Btrfs Design Logo


Btrfs is implemented with simple and well known constructs. It should perform well, but the long term goal of maintaining performance as the FS system ages and grows is more important than winning a short lived benchmark. To that end, benchmarks are being used to try and simulate performance over the life of a filesystem.

Btree Data structures

The Btrfs btree provides a generic facility to store a variety of data types. Internally it only knows about three data structures: keys, items, and a block header:

struct btrfs_header {
    u8 csum[32 bytes];
    u8 fsid[16];
    __le64 blocknr;
    __le64 generation;
    __le64 owner;
    __le32 nritems;
    __le16 flags;
    u8 level;
}
struct btrfs_key {
    u64 objectid;
    u8 type;
    u64 offset;
}
struct btrfs_item {
    struct btrfs_key key;
    __le32 offset;
    __le32 size;
}

Upper nodes of the trees contain only [ key, block pointer ] pairs.
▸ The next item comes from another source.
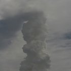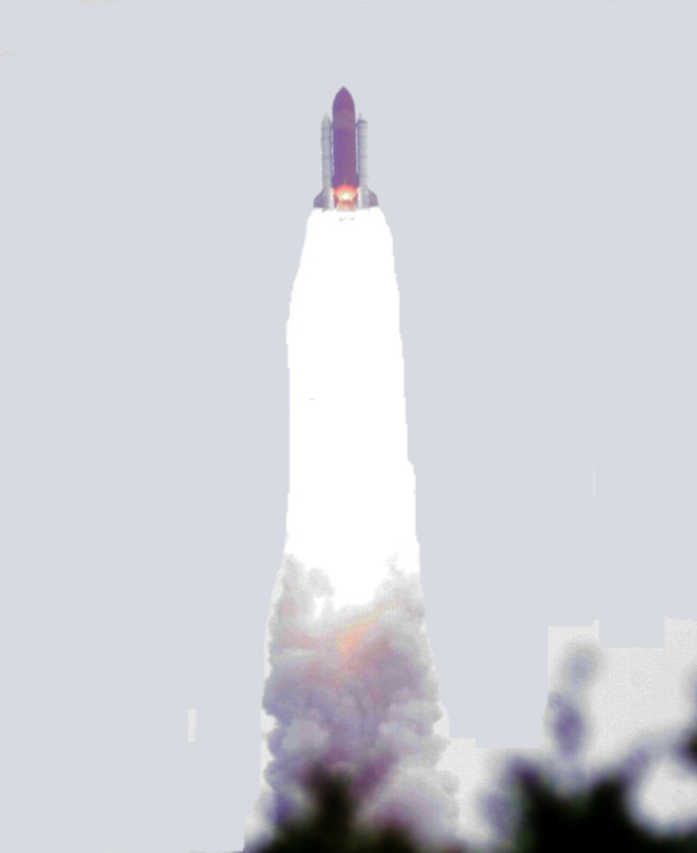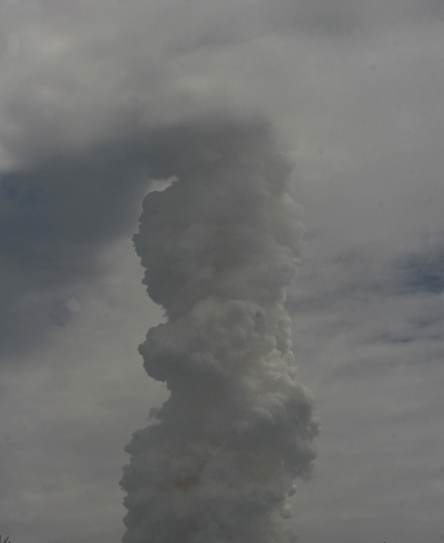 The Space Shuttle rapidly disappeared into cloud, leaving just a smoke trail.

Tree leaves are broken up into two sections that grow toward each other. Leaves have an array of fixed sized items, and an area where item data is stored. The offset and size fields in the item indicate where in the leaf the item data can be found. Example:

Item 0 ... Item N Free Space ... Free Space Data for itemN ... Data for Item 0

Item data is variably size, and various filesystem data structures are defined as different types of item data. Eight bits of the flags field in struct btrfs_key indicates the type of data stored in the item.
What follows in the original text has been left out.